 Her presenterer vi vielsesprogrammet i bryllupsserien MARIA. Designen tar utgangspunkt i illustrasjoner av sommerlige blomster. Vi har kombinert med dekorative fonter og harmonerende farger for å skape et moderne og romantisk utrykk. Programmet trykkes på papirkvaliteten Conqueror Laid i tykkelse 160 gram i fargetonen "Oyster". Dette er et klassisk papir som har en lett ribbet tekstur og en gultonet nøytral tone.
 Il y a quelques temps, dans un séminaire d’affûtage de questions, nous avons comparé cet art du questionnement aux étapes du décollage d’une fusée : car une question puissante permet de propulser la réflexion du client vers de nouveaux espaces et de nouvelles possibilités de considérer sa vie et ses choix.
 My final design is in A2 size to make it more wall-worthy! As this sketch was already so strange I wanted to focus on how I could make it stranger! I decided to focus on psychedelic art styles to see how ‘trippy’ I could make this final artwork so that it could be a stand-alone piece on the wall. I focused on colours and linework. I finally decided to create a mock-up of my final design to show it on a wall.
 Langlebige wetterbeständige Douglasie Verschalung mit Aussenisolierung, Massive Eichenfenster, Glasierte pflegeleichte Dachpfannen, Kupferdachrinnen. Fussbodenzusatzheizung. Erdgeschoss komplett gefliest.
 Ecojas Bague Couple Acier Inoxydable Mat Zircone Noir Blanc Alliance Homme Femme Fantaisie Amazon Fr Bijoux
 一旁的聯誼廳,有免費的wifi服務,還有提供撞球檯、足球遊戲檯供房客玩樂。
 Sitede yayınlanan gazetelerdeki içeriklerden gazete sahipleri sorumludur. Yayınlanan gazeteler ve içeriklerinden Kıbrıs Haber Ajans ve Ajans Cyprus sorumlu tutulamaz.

---

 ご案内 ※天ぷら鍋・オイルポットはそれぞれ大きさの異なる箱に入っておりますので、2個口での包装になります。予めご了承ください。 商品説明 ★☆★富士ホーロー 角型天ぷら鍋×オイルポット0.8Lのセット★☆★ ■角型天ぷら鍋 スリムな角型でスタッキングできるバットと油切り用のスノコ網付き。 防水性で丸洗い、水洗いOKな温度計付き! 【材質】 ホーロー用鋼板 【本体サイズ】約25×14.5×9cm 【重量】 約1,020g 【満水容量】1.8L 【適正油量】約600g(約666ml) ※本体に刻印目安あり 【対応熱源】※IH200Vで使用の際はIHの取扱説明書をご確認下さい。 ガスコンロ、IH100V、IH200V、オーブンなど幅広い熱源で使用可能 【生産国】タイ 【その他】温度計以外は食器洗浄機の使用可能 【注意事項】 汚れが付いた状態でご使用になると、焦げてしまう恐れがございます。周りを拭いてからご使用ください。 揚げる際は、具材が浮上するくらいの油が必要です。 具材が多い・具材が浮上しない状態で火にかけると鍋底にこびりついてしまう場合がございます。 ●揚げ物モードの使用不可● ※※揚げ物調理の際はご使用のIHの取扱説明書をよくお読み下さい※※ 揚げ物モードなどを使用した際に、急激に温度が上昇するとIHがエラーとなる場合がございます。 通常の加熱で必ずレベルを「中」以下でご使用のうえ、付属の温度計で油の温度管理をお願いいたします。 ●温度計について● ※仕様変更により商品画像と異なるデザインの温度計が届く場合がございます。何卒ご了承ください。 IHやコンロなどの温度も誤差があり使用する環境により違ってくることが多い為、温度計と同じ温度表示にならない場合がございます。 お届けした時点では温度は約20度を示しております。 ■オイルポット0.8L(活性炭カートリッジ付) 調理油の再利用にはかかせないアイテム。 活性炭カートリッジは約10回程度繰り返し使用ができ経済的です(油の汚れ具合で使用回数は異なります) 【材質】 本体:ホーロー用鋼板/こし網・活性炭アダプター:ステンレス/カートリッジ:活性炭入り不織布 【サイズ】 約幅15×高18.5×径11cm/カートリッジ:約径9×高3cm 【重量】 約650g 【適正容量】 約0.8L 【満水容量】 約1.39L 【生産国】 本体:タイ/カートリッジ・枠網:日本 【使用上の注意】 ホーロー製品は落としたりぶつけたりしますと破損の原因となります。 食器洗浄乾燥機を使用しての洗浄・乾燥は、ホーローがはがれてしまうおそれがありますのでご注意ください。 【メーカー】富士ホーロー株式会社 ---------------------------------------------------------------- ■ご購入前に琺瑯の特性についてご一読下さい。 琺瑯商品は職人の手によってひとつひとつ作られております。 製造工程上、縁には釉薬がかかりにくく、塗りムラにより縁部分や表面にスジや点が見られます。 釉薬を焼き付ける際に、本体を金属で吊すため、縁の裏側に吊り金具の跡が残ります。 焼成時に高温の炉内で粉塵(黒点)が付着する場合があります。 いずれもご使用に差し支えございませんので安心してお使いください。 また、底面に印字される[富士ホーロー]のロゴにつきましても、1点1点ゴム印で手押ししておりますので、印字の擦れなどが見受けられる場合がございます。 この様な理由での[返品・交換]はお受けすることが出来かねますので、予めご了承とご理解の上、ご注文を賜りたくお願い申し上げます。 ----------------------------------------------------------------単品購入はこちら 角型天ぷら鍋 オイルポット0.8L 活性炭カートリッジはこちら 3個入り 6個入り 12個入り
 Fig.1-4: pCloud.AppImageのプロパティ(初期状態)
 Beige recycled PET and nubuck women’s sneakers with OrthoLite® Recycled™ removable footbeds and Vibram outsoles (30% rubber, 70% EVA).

---

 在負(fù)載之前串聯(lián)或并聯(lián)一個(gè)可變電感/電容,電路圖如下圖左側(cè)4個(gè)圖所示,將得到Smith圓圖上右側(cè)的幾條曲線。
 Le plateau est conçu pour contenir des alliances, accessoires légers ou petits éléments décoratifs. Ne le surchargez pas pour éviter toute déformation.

▶ **Action item**: As the answer, set down only the lines from the data above between the one holding "Fig.1-4: pCloud.AppImageのプロパティ(初期状態)" and the one holding "Beige recycled PET", inclusive, exactly as they read.

▶ **Your response**:
 Fig.1-4: pCloud.AppImageのプロパティ(初期状態)
 Beige recycled PET and nubuck women’s sneakers with OrthoLite® Recycled™ removable footbeds and Vibram outsoles (30% rubber, 70% EVA).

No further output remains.